Когда протрубили окончание схватки, из команды Гая де Жерве на конях остались три человека против одного из команды соперников; победителями оказались два рыцаря, представлявшие цвета Магдален, и… Шарль д'Ориак.

— Отлично выигранная схватка, милорды! — крикнула Магдален, по-прежнему, однако, плохо понимая, почему эта потасовка, в которой люди изо всех сил колошматят друг друга, считается дружеским состязанием и благородным занятием.

— Я бы тоже хотел получить от вас приз, кузина, — Шарль д'Ориак откинул забрало, лицо было потным и запыленным. — Я тоже имею право заявить после сражения, что сражался в честь леди де Бресс.

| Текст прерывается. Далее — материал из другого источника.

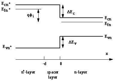 Current transport across a n+-n heterojunction is similar to that of a metal-semiconductor junction: Diffusion, thermionic emission as well as tunneling of carriers across the barrier can occur. However to identify the current components one must first identify the potentials fn+ and fn by solving the electrostatic problem. From the band diagram one finds that a barrier exists for electrons going from the n+ to the n-doped region as well as for electrons going in the opposite direction. |
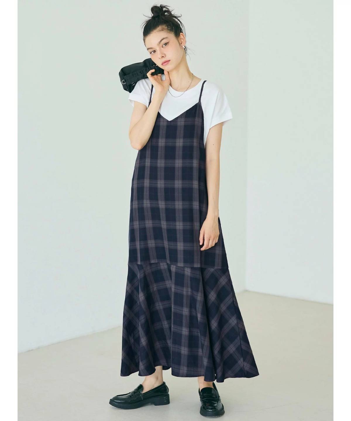 coca チェックキャミワンピース
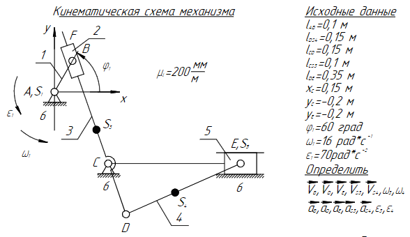 Для студентов МГТУ им. Н.Э.Баумана по предмету Теория механизмов и машин (ТММ)Кинематический анализ вар 32(а)Кинематический анализ вар 32(а)
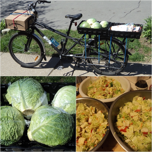 Two plastic soda crates and a cardboard box containing $52.64 in groceries, which include ingredients for a fresh batch of kim chi (click here to learn more about kim chi and naturally fermented foods).

Магдален вынула цветок из вазы, стоявшей рядом.

— Милорд! — она бросила розу рыцарю, хотя понимала, что любезнее было бы самой вручить ее победителю. Д'Ориак ловко поймал цветок, и что-то зловещее вспыхнуло в его глазах. Магдален вновь почувствовала, будто ее обдало кладбищенским холодом.

Магдален с трудом дождалась конца вечернего застолья. Грандиозная пирушка, знаменовавшая завершение турнира, как ей казалось, завершала и какой-то этап ее предыдущей жизни, а дальше… дальше предстояло жить без надежд на счастье. Магдален почти не ела, поковыряв заливную рыбу, она отодвинула от себя пирог с жаворонками и с отвращением отвергла жаркое из лебедей и павлинов.

— Отчего ты ничего не ешь? — шепотом спросил Эдмунд, нагнувшись к самому ее уху. — Все это очень странно выглядит со стороны. Такое впечатление, что ты томишься ролью хозяйки.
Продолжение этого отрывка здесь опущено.